Biochemical and proteomic characterization of retrovirus Gag based microparticles carrying melanoma antigens

Abstract

Extracellular vesicles are membraneous particles released by a variety of cells into the extracellular microenvironment. Retroviruses utilize the cellular vesiculation pathway for virus budding/assembly and the retrovirus Gag protein induces the spontaneous formation of microvesicles or virus-like particles (VLPs) when expressed in the mammalian cells. In this study, five different melanoma antigens, MAGEA4, MAGEA10, MART1, TRP1 and MCAM, were incorporated into the VLPs and their localization within the particles was determined. Our data show that the MAGEA4 and MAGEA10 proteins as well as MCAM are expressed on the surface of VLPs. The compartmentalization of exogenously expressed cancer antigens within the VLPs did not depend on the localization of the protein within the cell. Comparison of the protein content of VLPs by LC-MS/MS-based label-free quantitative proteomics showed that VLPs carrying different cancer antigens are very similar to each other, but differ to some extent from VLPs without recombinant antigen. We suggest that retrovirus Gag based virus-like particles carrying recombinant antigens have a potential to be used in cancer immunotherapy.

Figure 1. Generation and purification of VLPs.

(A) General workflow of generation of MLV Gag based VLPs. (B) Schematic representation of the purification protocol. (C) Western blot analysis of VLPs. Particles obtained with ultracentrifugation through 20% sucrose cushion were further centrifuged through stepwise sucrose density gradient (20%, 35%, 45%, 60%) at 120 000 g and 4 °C for 1.5 h in a Beckman SW55 rotor and divided into 10 fractions. The presence of VLPs in each fraction was analyzed by specific antibodies against melanoma antigens and the MLV Gag protein. (D) Physical characterization of VLPs ultracentrifuged through 20% sucrose cushion as assessed by DLS. The mean value of 4 × 10 measurements performed at 22 °C is shown. (E) Transmission electron micrograph of negatively stained MAGEA4 VLPs purified through density gradient centrifugation. Enlarged image of particle is shown on the upper-right corner of the picture.

Figure 2. Surface analysis of melanoma antigens incorporated into VLPs.
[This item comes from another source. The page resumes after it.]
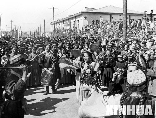 1955年10月1日,新疆各族人民歡慶自治區(qū)成立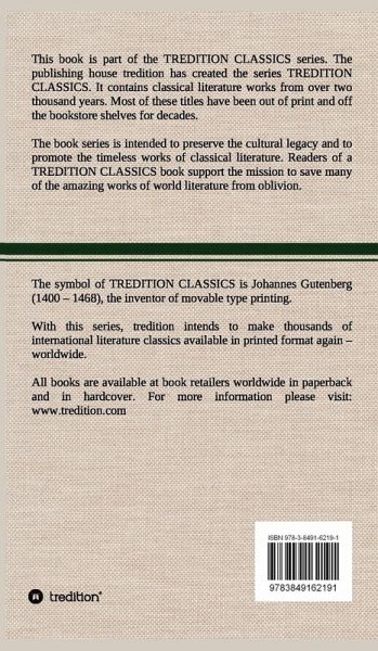 This book (hardcover) is part of the TREDITION CLASSICS. It contains classical literature works from over two thousand years. Most of these titles have been out of print and off the bookstore shelves for decades. The book series is intended to preserve the cultural legacy and to promote the timeless works of classical literature. Readers of a TREDITION CLASSICS book support the mission to save many of the amazing works of world literature from oblivion. With this series, tredition intends to make thousands of international literature classics available in printed format again worldwide.

FACS analysis was performed with VLPs bound to aldehyde/sulfate latex beads as described in Materials and Methods section. The red line corresponds to VLPs carrying recombinant melanoma antigens, the blue line to VLPs without cancer antigen, and grey area shows the signal obtained with secondary Alexa488-labelled antibody. One representative experiment out of the three performed is shown. MFI = Mean fluorescence intensity.

Figure 3. Subcellular localization of melanoma antigens used in this study.

The COP5 cells transfected with plasmids encoding for the MLV Gag protein and respective cancer antigen were grown on cover slips, fixed and incubated with specific antibodies and Alexa568-conjugated secondary antibody as described in Methods section. Untransfected cells (mock control) incubated with specific antibodies are shown. DAPI was used to stain nuclei of the cells.

Figure 4. Cell surface expression of melanoma antigens transiently expressed in COP5 cells.

(A) FACS analysis was performed with immunostained living cells transfected with plasmids encoding for cancer melanoma antigens MART1, TRP1, MCAM, MAGEA4 and MAGEA10, and MLV Gag. The red line corresponds to cells expressing recombinant melanoma antigens, the blue line to cells without cancer antigen, and grey area shows the signal obtained with secondary Alexa488-labelled antibody. The percentage of gated cells is shown (blue for cells without cancer antigen and red for cells expressing recombinant melanoma antigens) on the image. The image of MLV Gag contains the data of five transfections obtained with electroporation with five different melanoma antigens. In all cases, one representative experiment out of the two performed is shown. MFI = Mean fluorescence intensity. (B) Western blot analysis of COP5 cells expressing melanoma antigens. Lane 1, mock control; lane 2, transfected cells.

Figure 5. Proteomic analysis of VLPs.

(A) The composition of MLV Gag induced VLPs. (B) Correlation of protein abundances (LFQ intensity) between VLPs carrying MAGEA4 antigen with VLPs without recombinant antigen (MLV Gag). Pearson correlation coefficient is shown on the blot. (C) Differently expressed proteins in MLV Gag VLPs and VLPs carrying melanoma antigens. (D) Comparison of LFQ intensities of VLPs carrying different cancer antigens. (E) Western blot analysis of VLPs using antibodies against MLV Gag and cellular proteins α-tubulin, Rps6, Pabp, histone H3 and Mcm6. The equal amount of total protein (100 ng for MLV Gag and 2 μg for others) was loaded on each lane.